Testing for inherited gene mutations can help catch early cases and establish risk profiles, leading to better healthcare outcomes. For example, in breast cancer, doctors can order molecular tests to investigate for specific inherited mutations in the BRCA1 and BRCA2 genes, which may increase the patient's risk of breast and ovarian cancer.

Acquired gene mutations, such as the EGFR mutation common in lung cancers caused by air pollution, can be tested similarly. A patient can then start therapy as soon as possible, obtain the optimal personalized treatment based on the test results, and continuously monitor treatment.

Why Digital PCR?

Digital PCR is an advanced DNA amplification technology that has enabled new trends in personalized cancer diagnostics. The unique ability to look at multiple genetic targets at very high sensitivity makes digital PCR an excellent platform for developing panel assays for diagnostic purposes. In this article, we will introduce three trending use cases in the form of an ecosystem of tests.

Digital PCR

Programs designed to promote the early screening of cancer demonstrably improve healthcare outcomes. Early cancer detection is especially important due to the nature of oncological diseases.

 

For example, one of the most common but aggressive forms of lung cancer, NSCLC, has a 63 percent chance of survival after five years if discovered while it is still localized, but this number drops to less than seven percent after five years if it had already spread into the brain or bones.

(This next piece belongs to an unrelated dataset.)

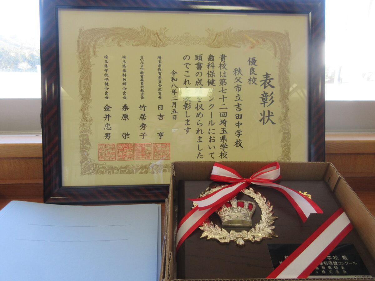 第72回埼玉県学校歯科保健コンクールにおいて、吉田中学校が、優良賞をいただきました。これも、保護者の皆様のご協力のおかげと思います。ありがとうございました。今後ともどうぞよろしくお願いいたします。

It is an example where early detection is the only existing viable way to prevent deaths.

 

Digital PCR, with its high sensitivity, allows for the detection of cancerous cells or tumor DNA even in trace quantities contained in human blood samples. This technique is called liquid biopsy. By enabling cancer screening with a simple blood draw, more patients can opt for cancer screening during routine health checkups. It also removes the need for frequent physical biopsies, which can lead to stress for both doctors and patients, especially seniors that have difficulties with the recovery process.

 

Digital PCR, along with quantitative PCR and next-generation sequencing, are some of the promising technologies that are under development for enabling widespread liquid biopsy. An example is the Stilla Technologies multiplexed EGFR 6-color kit, which can look at up to 32 different mutations of the EGFR gene from a blood sample.

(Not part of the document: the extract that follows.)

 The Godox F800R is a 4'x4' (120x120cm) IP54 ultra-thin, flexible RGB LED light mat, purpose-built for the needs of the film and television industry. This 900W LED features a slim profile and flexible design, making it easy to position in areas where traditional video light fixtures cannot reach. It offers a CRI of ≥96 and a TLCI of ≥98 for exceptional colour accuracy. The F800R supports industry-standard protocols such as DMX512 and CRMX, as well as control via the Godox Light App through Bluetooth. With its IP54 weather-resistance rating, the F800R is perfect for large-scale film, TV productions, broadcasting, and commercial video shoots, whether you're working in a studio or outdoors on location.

Modern precision therapeutics such as immunotherapies and molecular-targeted therapies, often target specific genetic mutations. They work by changing or preventing the pathways these mutations take to create tumors.

 

As such, these drugs will only work for patients with a subset of mutations, such as deletions or insertions of genetic material. The FDA approves companion diagnostics, which are tests that must be taken and confirmed for these therapeutics to be offered as treatment.

 

The ability to multiplex and give accurate diagnostics makes Digital PCR a great potential solution for drug manufacturers looking for companion diagnostics tests for their drugs. Currently, liquid biopsy companion diagnostics is in its early stages. The first approval was Roche’s “cobas” quantitative PCR test, which was approved in 2016. Since then, several high-profile NGS laboratory tests from Foundation One and Guardant have been approved.

 

No digital PCR-based companion diagnostics has been approved yet. A list of ongoing clinical trials using digital PCR as a diagnostic or as confirmation technique is presently underway.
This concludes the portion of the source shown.